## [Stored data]

++++++

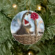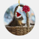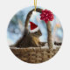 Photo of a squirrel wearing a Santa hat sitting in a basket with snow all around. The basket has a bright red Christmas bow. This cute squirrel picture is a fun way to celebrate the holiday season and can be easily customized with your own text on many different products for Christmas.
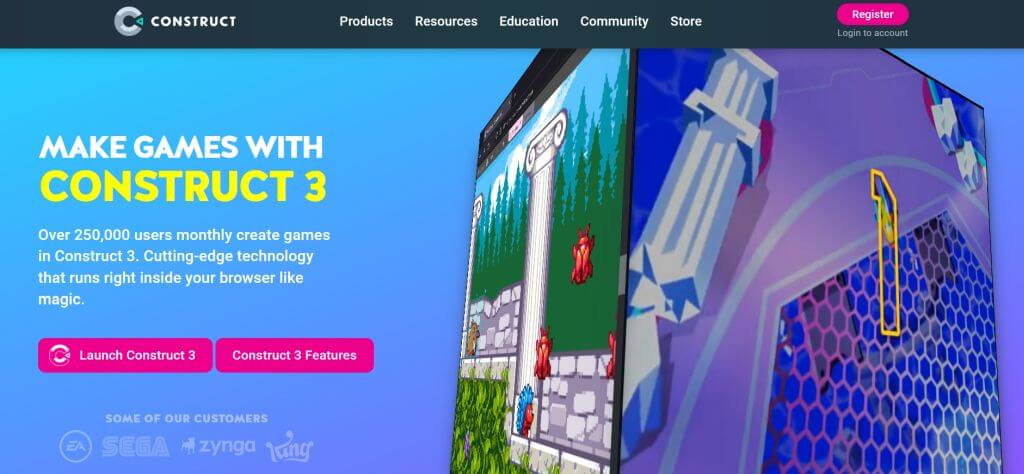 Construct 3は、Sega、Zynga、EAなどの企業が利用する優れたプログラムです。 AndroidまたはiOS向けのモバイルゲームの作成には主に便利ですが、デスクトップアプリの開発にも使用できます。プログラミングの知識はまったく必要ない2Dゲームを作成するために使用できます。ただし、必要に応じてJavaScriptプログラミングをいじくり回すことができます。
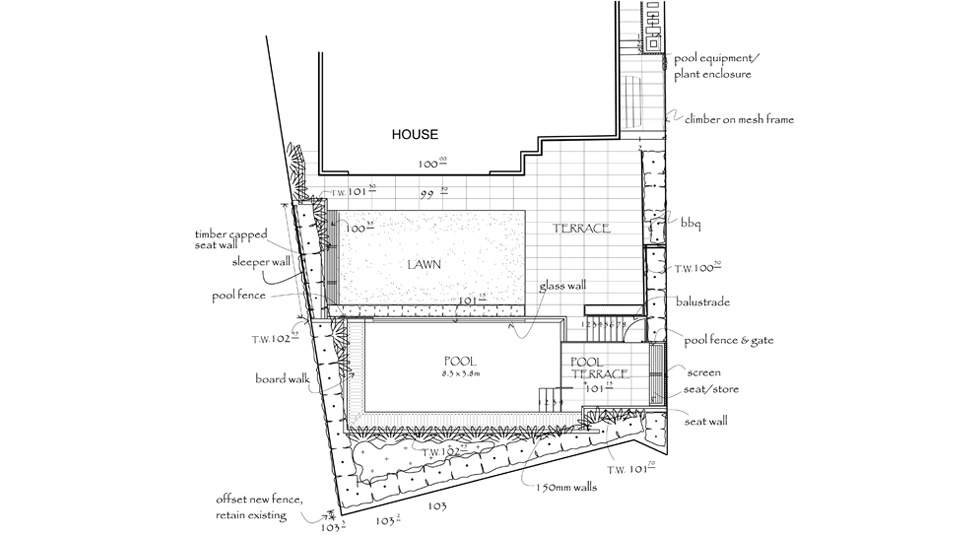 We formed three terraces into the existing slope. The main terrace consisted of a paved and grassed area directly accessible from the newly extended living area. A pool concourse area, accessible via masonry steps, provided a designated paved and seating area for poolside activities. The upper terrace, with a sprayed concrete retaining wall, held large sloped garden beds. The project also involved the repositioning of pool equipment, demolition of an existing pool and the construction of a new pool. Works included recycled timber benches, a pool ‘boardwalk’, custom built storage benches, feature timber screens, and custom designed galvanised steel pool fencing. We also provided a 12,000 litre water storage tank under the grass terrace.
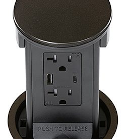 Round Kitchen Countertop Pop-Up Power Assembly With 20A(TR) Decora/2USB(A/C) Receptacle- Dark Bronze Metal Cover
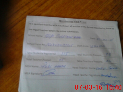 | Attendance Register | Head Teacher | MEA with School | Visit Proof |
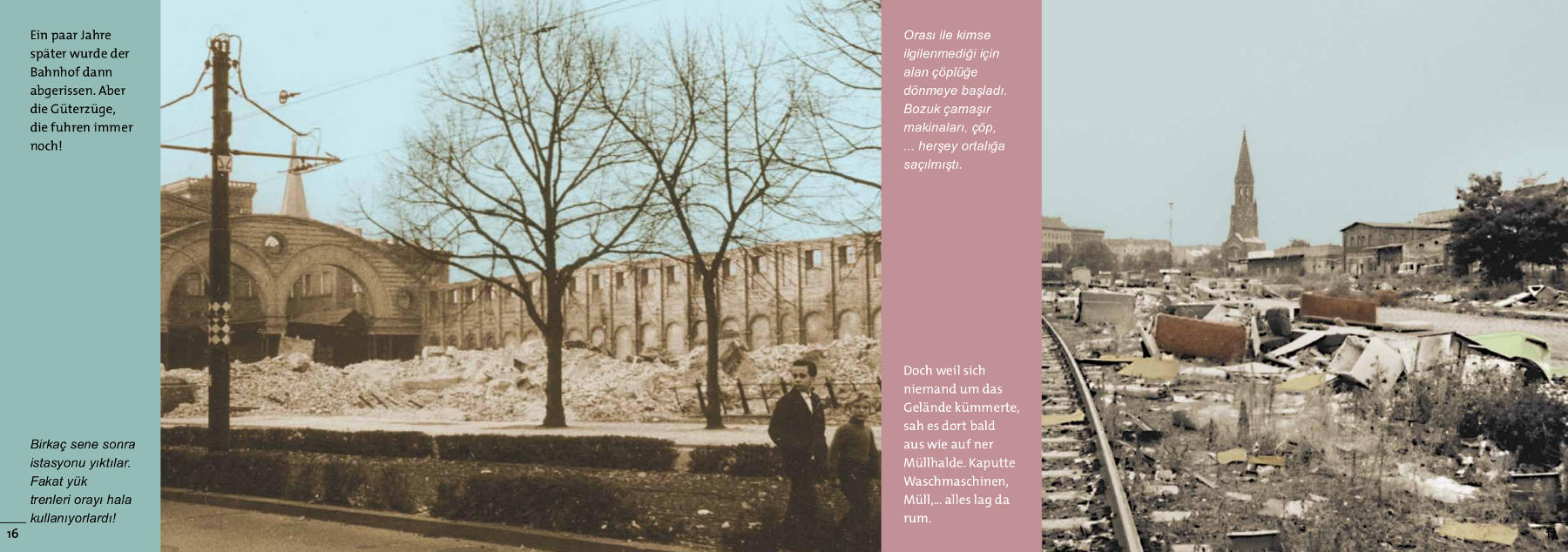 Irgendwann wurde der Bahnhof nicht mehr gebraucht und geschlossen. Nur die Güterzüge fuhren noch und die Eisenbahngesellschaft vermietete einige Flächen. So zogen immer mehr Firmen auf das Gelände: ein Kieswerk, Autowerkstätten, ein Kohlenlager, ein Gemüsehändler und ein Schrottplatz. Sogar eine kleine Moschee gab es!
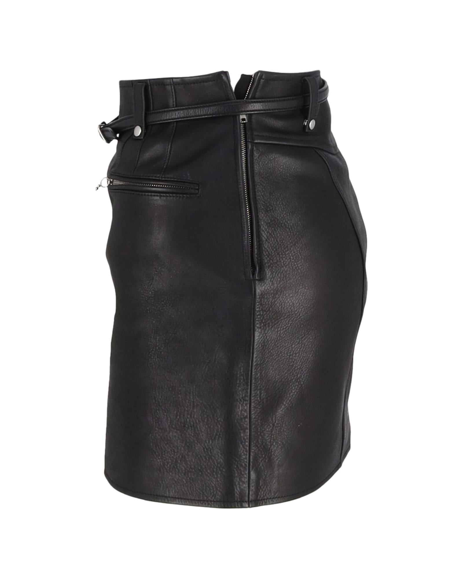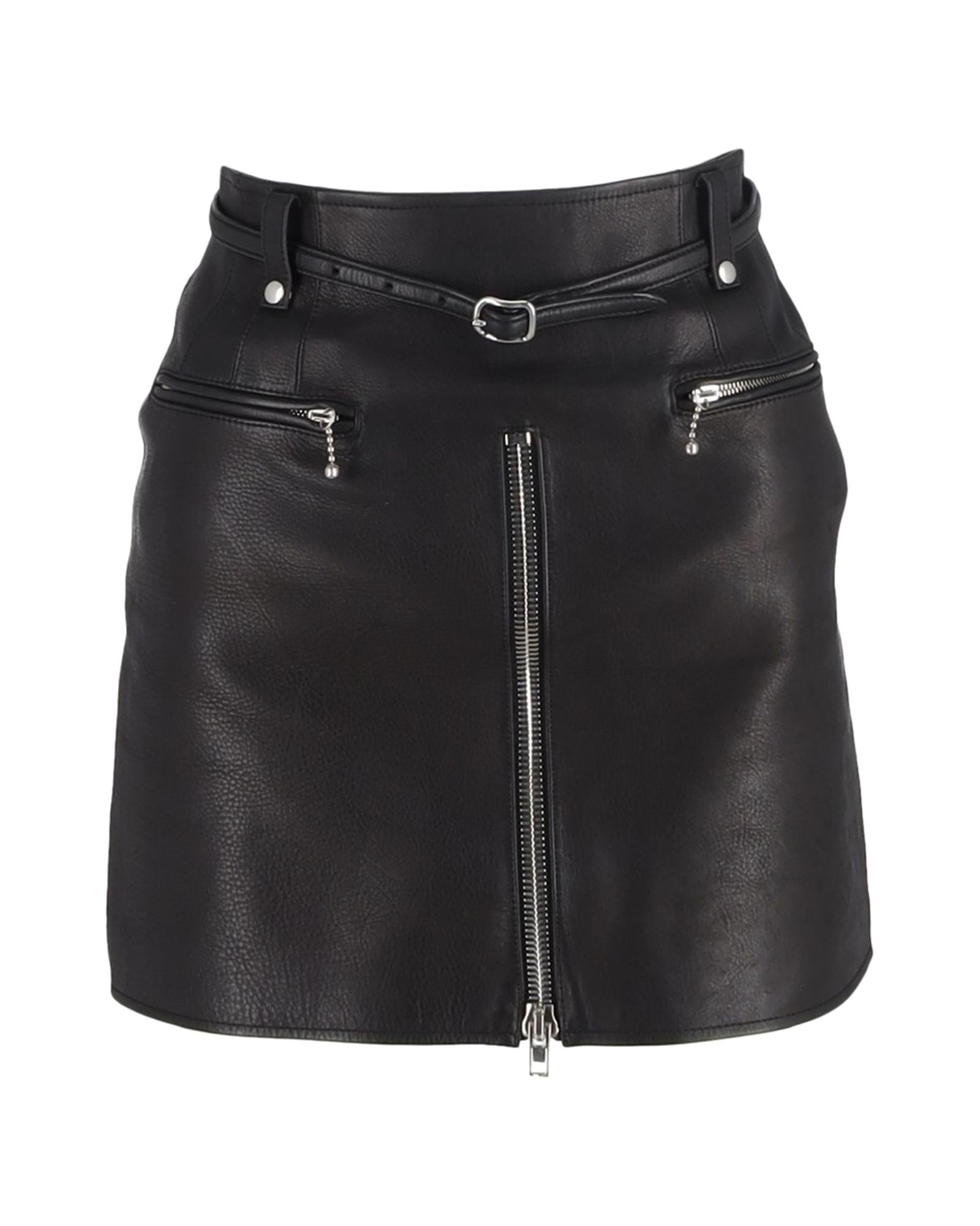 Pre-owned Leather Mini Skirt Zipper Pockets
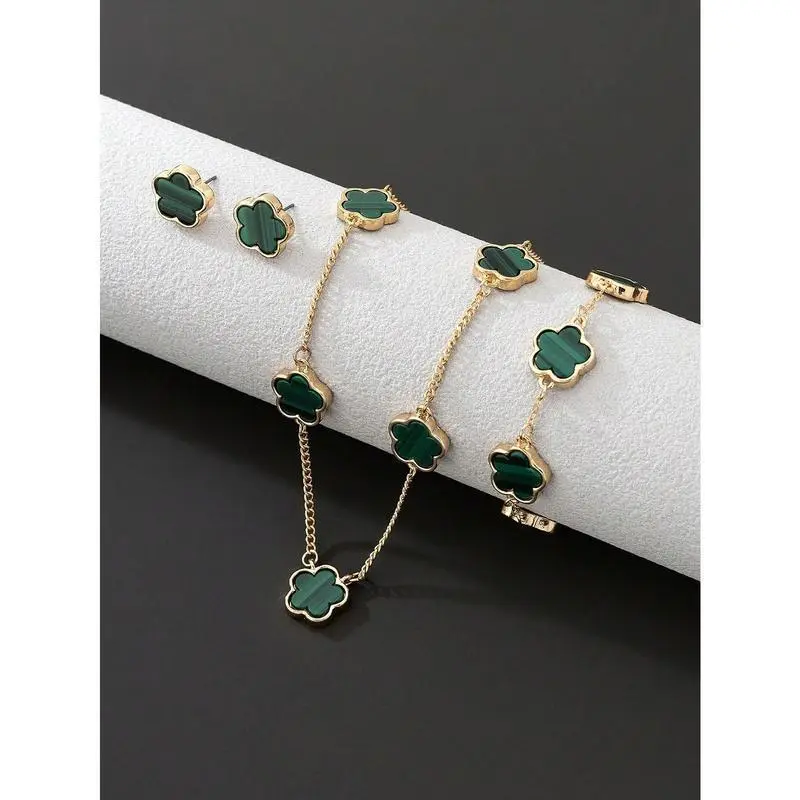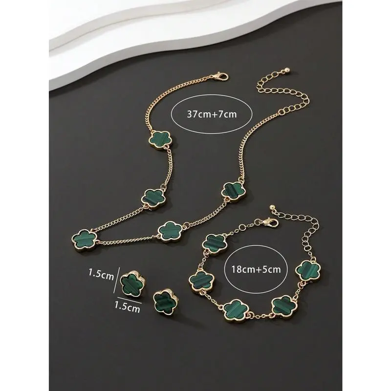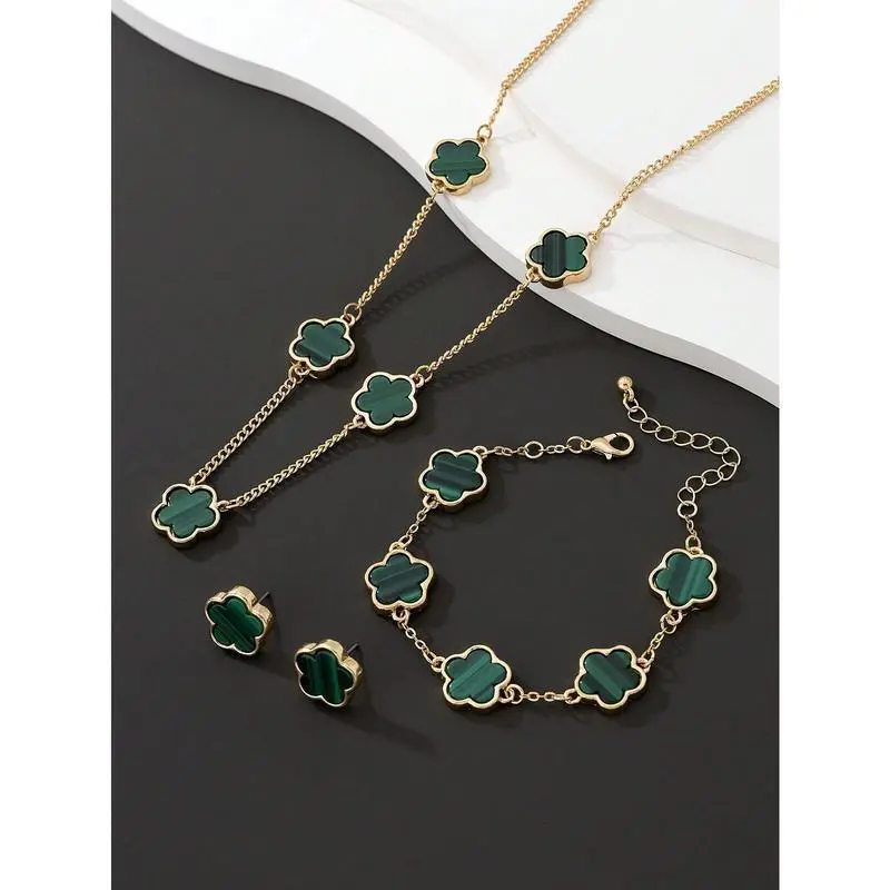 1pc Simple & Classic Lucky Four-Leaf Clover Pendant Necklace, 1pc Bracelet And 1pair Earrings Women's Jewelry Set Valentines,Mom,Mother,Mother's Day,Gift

++++++

## [Task]
Exactly retype each record above, dropping images.

## [Response for this exercise]
 Photo of a squirrel wearing a Santa hat sitting in a basket with snow all around. The basket has a bright red Christmas bow. This cute squirrel picture is a fun way to celebrate the holiday season and can be easily customized with your own text on many different products for Christmas.
 Construct 3は、Sega、Zynga、EAなどの企業が利用する優れたプログラムです。 AndroidまたはiOS向けのモバイルゲームの作成には主に便利ですが、デスクトップアプリの開発にも使用できます。プログラミングの知識はまったく必要ない2Dゲームを作成するために使用できます。ただし、必要に応じてJavaScriptプログラミングをいじくり回すことができます。
 We formed three terraces into the existing slope. The main terrace consisted of a paved and grassed area directly accessible from the newly extended living area. A pool concourse area, accessible via masonry steps, provided a designated paved and seating area for poolside activities. The upper terrace, with a sprayed concrete retaining wall, held large sloped garden beds. The project also involved the repositioning of pool equipment, demolition of an existing pool and the construction of a new pool. Works included recycled timber benches, a pool ‘boardwalk’, custom built storage benches, feature timber screens, and custom designed galvanised steel pool fencing. We also provided a 12,000 litre water storage tank under the grass terrace.
 Round Kitchen Countertop Pop-Up Power Assembly With 20A(TR) Decora/2USB(A/C) Receptacle- Dark Bronze Metal Cover
 | Attendance Register | Head Teacher | MEA with School | Visit Proof |
 Irgendwann wurde der Bahnhof nicht mehr gebraucht und geschlossen. Nur die Güterzüge fuhren noch und die Eisenbahngesellschaft vermietete einige Flächen. So zogen immer mehr Firmen auf das Gelände: ein Kieswerk, Autowerkstätten, ein Kohlenlager, ein Gemüsehändler und ein Schrottplatz. Sogar eine kleine Moschee gab es!
 Pre-owned Leather Mini Skirt Zipper Pockets
 1pc Simple & Classic Lucky Four-Leaf Clover Pendant Necklace, 1pc Bracelet And 1pair Earrings Women's Jewelry Set Valentines,Mom,Mother,Mother's Day,Gift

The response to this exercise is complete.